- **Task requirements**
Give the records below again exactly, and exclude each picture.

(Records excerpted from a collection)

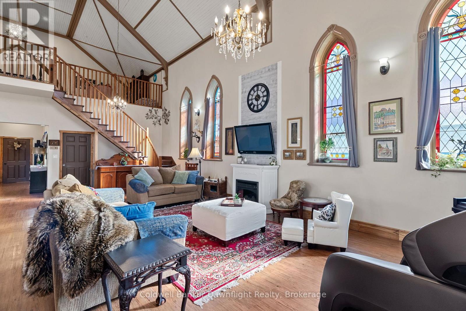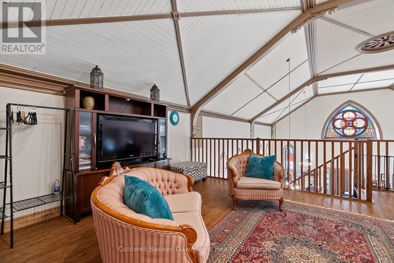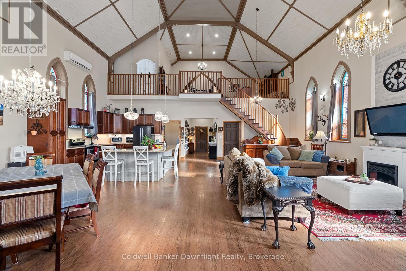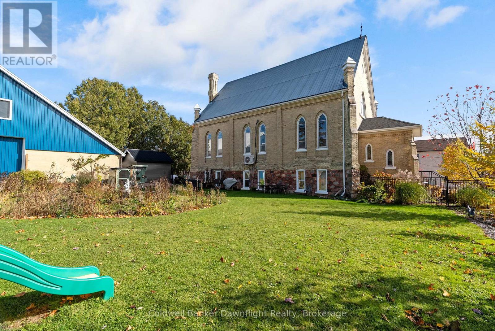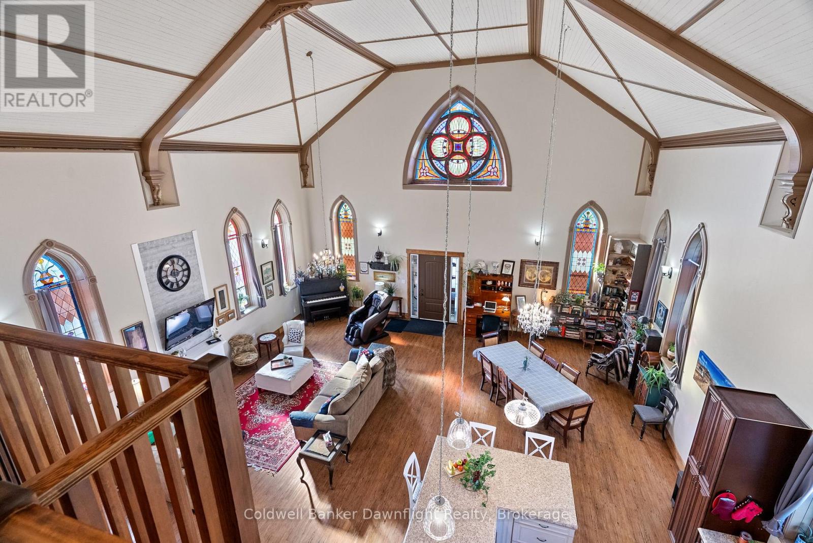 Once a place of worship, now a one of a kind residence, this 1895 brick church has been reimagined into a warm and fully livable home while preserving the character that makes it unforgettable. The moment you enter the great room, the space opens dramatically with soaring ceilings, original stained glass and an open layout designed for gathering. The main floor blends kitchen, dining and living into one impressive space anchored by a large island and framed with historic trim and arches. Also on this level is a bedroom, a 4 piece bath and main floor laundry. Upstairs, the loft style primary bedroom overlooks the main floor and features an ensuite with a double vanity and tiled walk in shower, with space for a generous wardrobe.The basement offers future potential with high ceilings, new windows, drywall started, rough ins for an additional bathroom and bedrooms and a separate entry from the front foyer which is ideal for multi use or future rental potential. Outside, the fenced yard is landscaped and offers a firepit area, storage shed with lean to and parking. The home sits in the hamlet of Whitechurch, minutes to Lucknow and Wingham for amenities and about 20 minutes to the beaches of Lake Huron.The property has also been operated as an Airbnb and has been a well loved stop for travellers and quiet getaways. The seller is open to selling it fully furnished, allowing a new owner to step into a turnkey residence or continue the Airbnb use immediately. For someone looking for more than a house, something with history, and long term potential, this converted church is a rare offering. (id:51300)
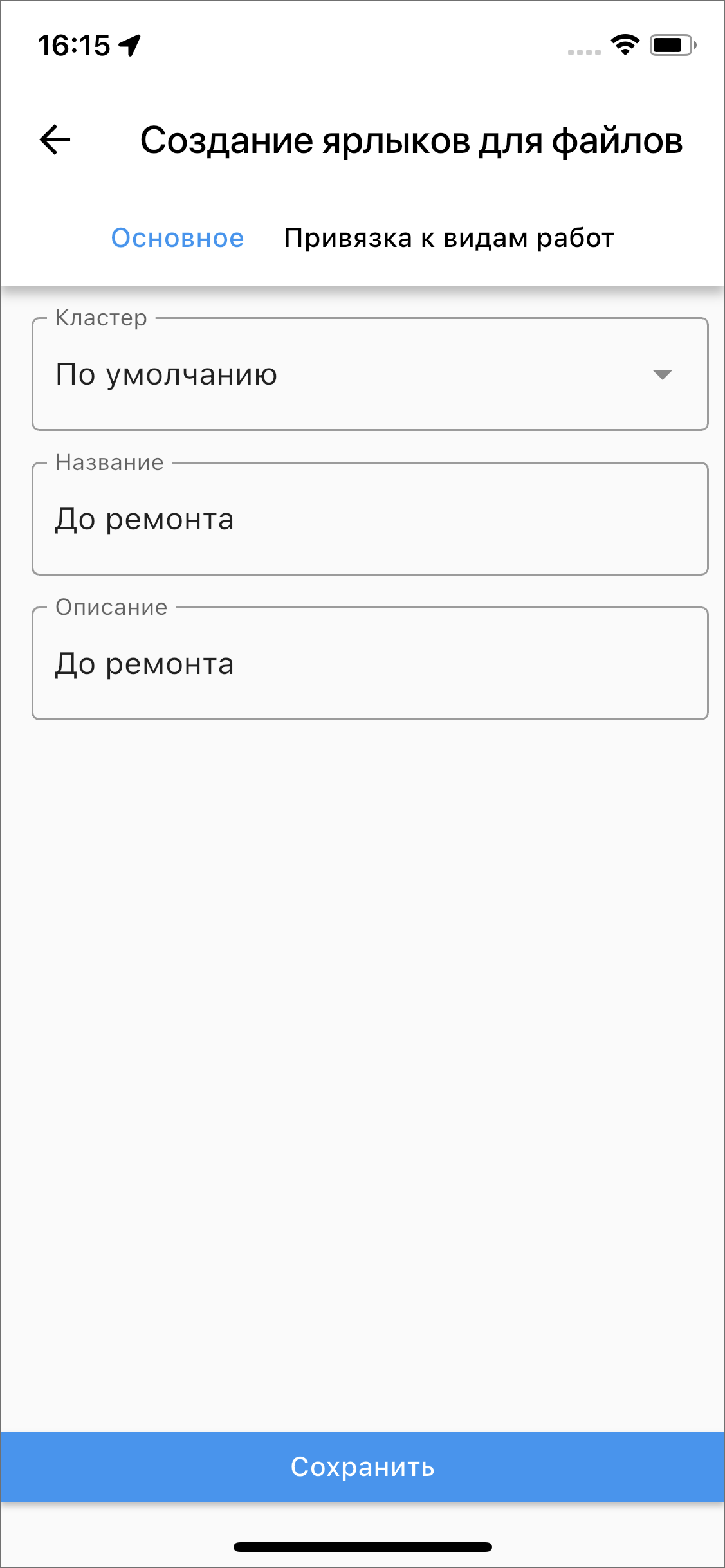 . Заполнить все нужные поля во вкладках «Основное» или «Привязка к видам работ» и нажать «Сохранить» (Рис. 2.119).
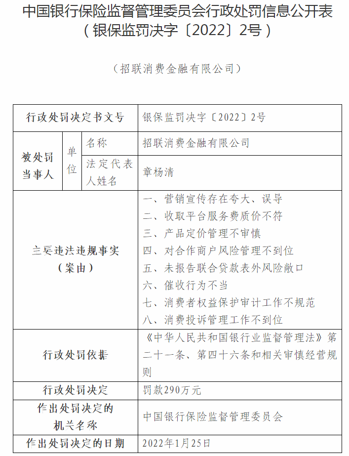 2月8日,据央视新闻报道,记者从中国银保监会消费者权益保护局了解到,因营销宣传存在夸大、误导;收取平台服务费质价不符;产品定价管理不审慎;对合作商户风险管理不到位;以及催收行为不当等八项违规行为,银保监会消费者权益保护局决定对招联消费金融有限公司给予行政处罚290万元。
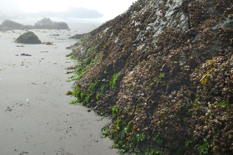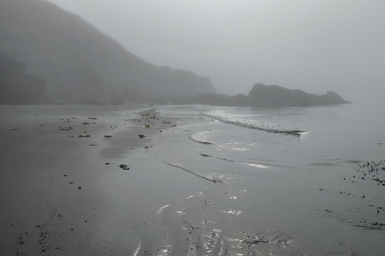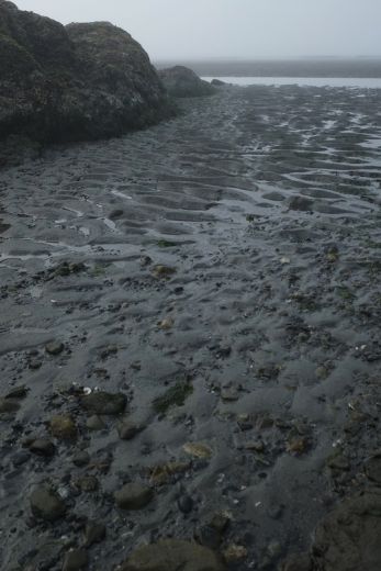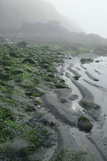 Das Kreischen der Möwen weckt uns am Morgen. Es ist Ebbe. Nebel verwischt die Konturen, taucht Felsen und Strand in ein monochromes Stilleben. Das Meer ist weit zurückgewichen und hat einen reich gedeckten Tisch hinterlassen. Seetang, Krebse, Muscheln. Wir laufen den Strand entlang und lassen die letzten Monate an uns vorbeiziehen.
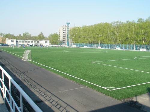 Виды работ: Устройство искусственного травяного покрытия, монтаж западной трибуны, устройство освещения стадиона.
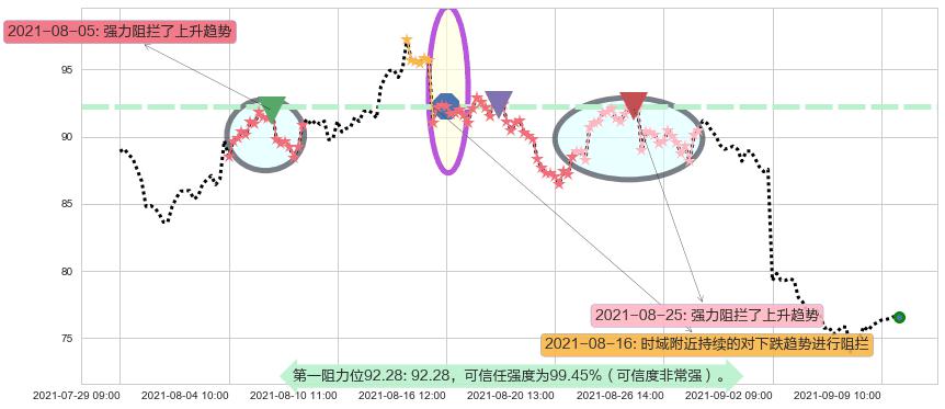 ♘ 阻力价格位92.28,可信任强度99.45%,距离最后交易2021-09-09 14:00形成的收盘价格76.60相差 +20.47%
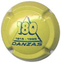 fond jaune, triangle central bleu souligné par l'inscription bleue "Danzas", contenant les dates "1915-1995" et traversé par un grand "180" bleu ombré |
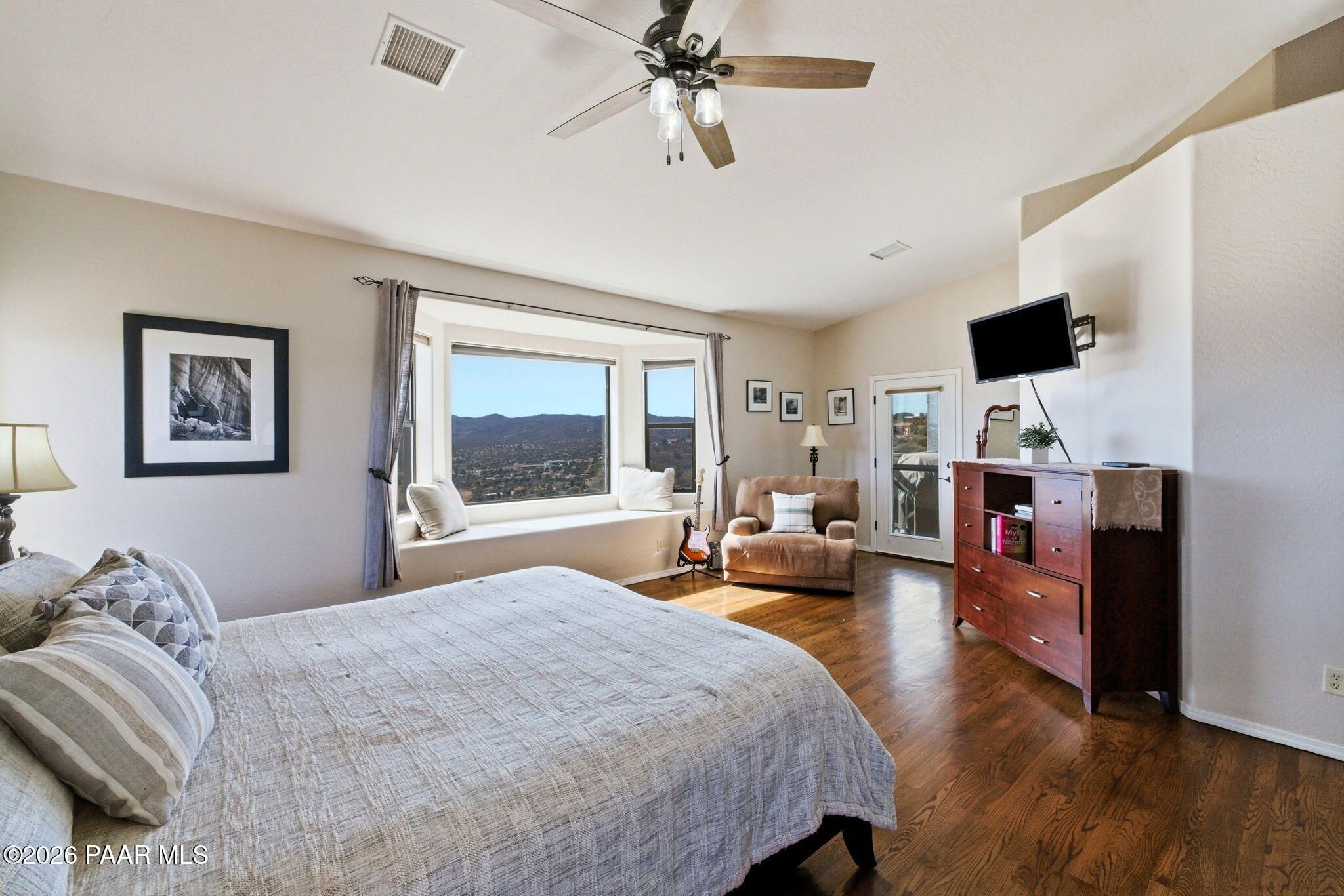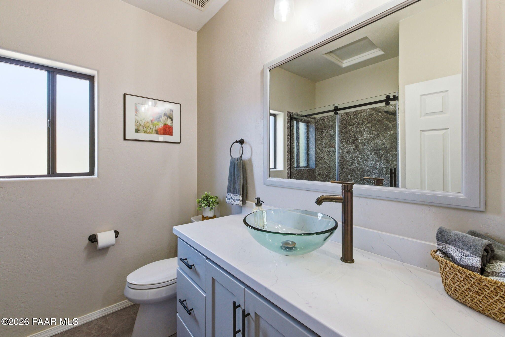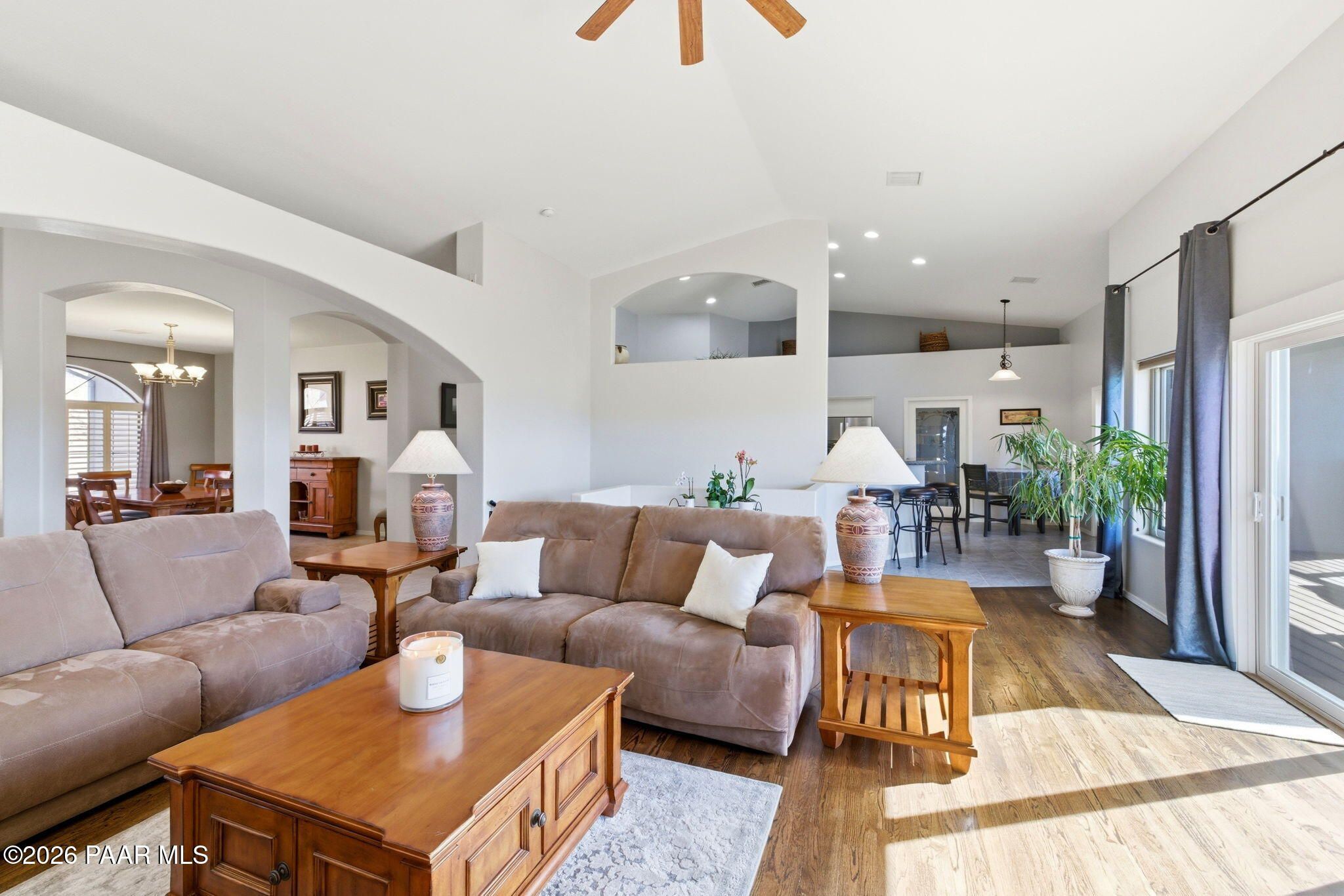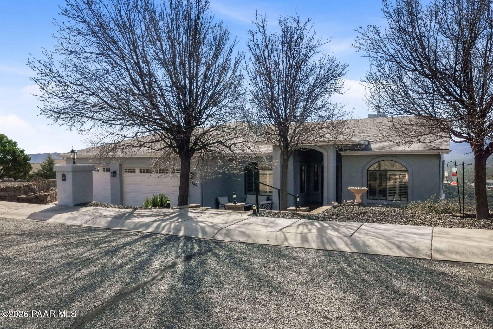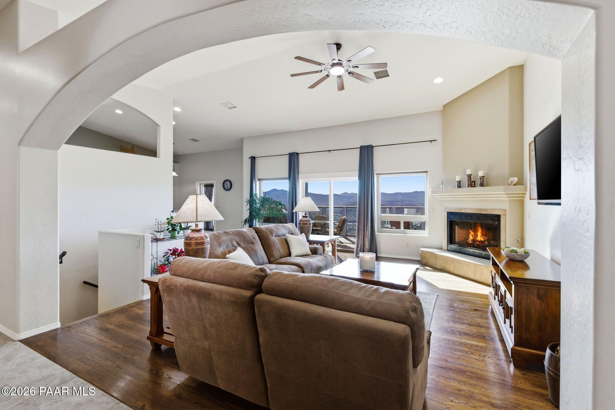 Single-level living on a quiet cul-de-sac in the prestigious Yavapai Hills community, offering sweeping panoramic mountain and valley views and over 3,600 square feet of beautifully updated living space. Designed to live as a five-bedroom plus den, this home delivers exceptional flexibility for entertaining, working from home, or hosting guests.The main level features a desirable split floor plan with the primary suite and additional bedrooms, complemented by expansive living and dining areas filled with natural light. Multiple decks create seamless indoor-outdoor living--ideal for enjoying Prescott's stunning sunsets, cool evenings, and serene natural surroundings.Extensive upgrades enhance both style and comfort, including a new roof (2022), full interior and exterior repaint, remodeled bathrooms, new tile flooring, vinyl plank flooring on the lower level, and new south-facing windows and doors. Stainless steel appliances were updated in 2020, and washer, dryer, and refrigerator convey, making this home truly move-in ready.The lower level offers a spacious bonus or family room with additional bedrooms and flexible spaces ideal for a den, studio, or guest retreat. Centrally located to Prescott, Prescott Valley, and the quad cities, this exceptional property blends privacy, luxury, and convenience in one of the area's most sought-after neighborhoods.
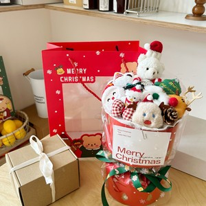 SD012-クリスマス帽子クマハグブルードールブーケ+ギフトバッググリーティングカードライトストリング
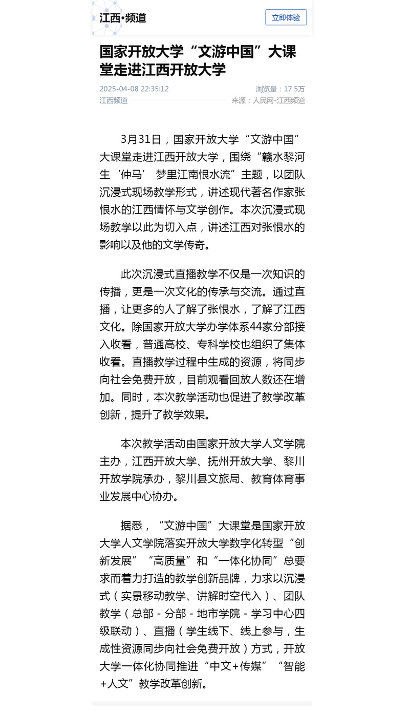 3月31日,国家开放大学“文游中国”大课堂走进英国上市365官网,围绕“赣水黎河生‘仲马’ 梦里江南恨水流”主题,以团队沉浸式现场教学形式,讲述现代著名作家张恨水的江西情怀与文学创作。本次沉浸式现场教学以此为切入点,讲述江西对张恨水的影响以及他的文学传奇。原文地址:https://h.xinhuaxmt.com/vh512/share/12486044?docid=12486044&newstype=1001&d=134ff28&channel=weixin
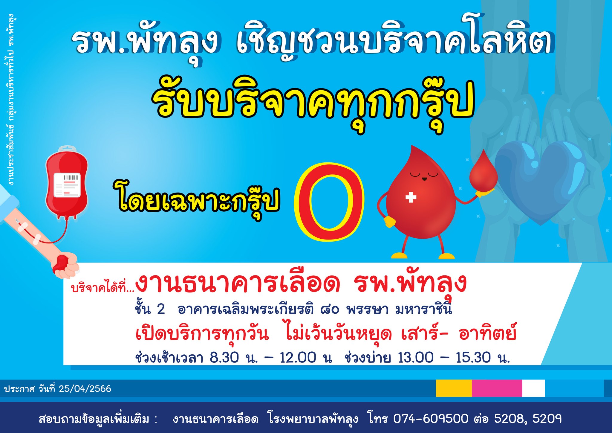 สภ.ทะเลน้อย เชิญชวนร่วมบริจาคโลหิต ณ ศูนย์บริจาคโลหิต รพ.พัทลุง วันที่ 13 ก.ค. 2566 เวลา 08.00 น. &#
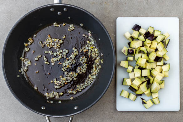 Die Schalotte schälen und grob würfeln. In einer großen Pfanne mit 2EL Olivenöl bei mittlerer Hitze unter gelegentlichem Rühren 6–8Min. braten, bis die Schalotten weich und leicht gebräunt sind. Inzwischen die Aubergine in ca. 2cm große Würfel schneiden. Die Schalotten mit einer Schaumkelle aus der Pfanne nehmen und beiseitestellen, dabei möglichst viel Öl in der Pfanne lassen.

- **Problem solution**
 Once a place of worship, now a one of a kind residence, this 1895 brick church has been reimagined into a warm and fully livable home while preserving the character that makes it unforgettable. The moment you enter the great room, the space opens dramatically with soaring ceilings, original stained glass and an open layout designed for gathering. The main floor blends kitchen, dining and living into one impressive space anchored by a large island and framed with historic trim and arches. Also on this level is a bedroom, a 4 piece bath and main floor laundry. Upstairs, the loft style primary bedroom overlooks the main floor and features an ensuite with a double vanity and tiled walk in shower, with space for a generous wardrobe.The basement offers future potential with high ceilings, new windows, drywall started, rough ins for an additional bathroom and bedrooms and a separate entry from the front foyer which is ideal for multi use or future rental potential. Outside, the fenced yard is landscaped and offers a firepit area, storage shed with lean to and parking. The home sits in the hamlet of Whitechurch, minutes to Lucknow and Wingham for amenities and about 20 minutes to the beaches of Lake Huron.The property has also been operated as an Airbnb and has been a well loved stop for travellers and quiet getaways. The seller is open to selling it fully furnished, allowing a new owner to step into a turnkey residence or continue the Airbnb use immediately. For someone looking for more than a house, something with history, and long term potential, this converted church is a rare offering. (id:51300)
 . Заполнить все нужные поля во вкладках «Основное» или «Привязка к видам работ» и нажать «Сохранить» (Рис. 2.119).
 2月8日,据央视新闻报道,记者从中国银保监会消费者权益保护局了解到,因营销宣传存在夸大、误导;收取平台服务费质价不符;产品定价管理不审慎;对合作商户风险管理不到位;以及催收行为不当等八项违规行为,银保监会消费者权益保护局决定对招联消费金融有限公司给予行政处罚290万元。
 Das Kreischen der Möwen weckt uns am Morgen. Es ist Ebbe. Nebel verwischt die Konturen, taucht Felsen und Strand in ein monochromes Stilleben. Das Meer ist weit zurückgewichen und hat einen reich gedeckten Tisch hinterlassen. Seetang, Krebse, Muscheln. Wir laufen den Strand entlang und lassen die letzten Monate an uns vorbeiziehen.
 Виды работ: Устройство искусственного травяного покрытия, монтаж западной трибуны, устройство освещения стадиона.
 ♘ 阻力价格位92.28,可信任强度99.45%,距离最后交易2021-09-09 14:00形成的收盘价格76.60相差 +20.47%
 fond jaune, triangle central bleu souligné par l'inscription bleue "Danzas", contenant les dates "1915-1995" et traversé par un grand "180" bleu ombré |
 Single-level living on a quiet cul-de-sac in the prestigious Yavapai Hills community, offering sweeping panoramic mountain and valley views and over 3,600 square feet of beautifully updated living space. Designed to live as a five-bedroom plus den, this home delivers exceptional flexibility for entertaining, working from home, or hosting guests.The main level features a desirable split floor plan with the primary suite and additional bedrooms, complemented by expansive living and dining areas filled with natural light. Multiple decks create seamless indoor-outdoor living--ideal for enjoying Prescott's stunning sunsets, cool evenings, and serene natural surroundings.Extensive upgrades enhance both style and comfort, including a new roof (2022), full interior and exterior repaint, remodeled bathrooms, new tile flooring, vinyl plank flooring on the lower level, and new south-facing windows and doors. Stainless steel appliances were updated in 2020, and washer, dryer, and refrigerator convey, making this home truly move-in ready.The lower level offers a spacious bonus or family room with additional bedrooms and flexible spaces ideal for a den, studio, or guest retreat. Centrally located to Prescott, Prescott Valley, and the quad cities, this exceptional property blends privacy, luxury, and convenience in one of the area's most sought-after neighborhoods.
 SD012-クリスマス帽子クマハグブルードールブーケ+ギフトバッググリーティングカードライトストリング
 3月31日,国家开放大学“文游中国”大课堂走进英国上市365官网,围绕“赣水黎河生‘仲马’ 梦里江南恨水流”主题,以团队沉浸式现场教学形式,讲述现代著名作家张恨水的江西情怀与文学创作。本次沉浸式现场教学以此为切入点,讲述江西对张恨水的影响以及他的文学传奇。原文地址:https://h.xinhuaxmt.com/vh512/share/12486044?docid=12486044&newstype=1001&d=134ff28&channel=weixin
 สภ.ทะเลน้อย เชิญชวนร่วมบริจาคโลหิต ณ ศูนย์บริจาคโลหิต รพ.พัทลุง วันที่ 13 ก.ค. 2566 เวลา 08.00 น. &#
 Die Schalotte schälen und grob würfeln. In einer großen Pfanne mit 2EL Olivenöl bei mittlerer Hitze unter gelegentlichem Rühren 6–8Min. braten, bis die Schalotten weich und leicht gebräunt sind. Inzwischen die Aubergine in ca. 2cm große Würfel schneiden. Die Schalotten mit einer Schaumkelle aus der Pfanne nehmen und beiseitestellen, dabei möglichst viel Öl in der Pfanne lassen.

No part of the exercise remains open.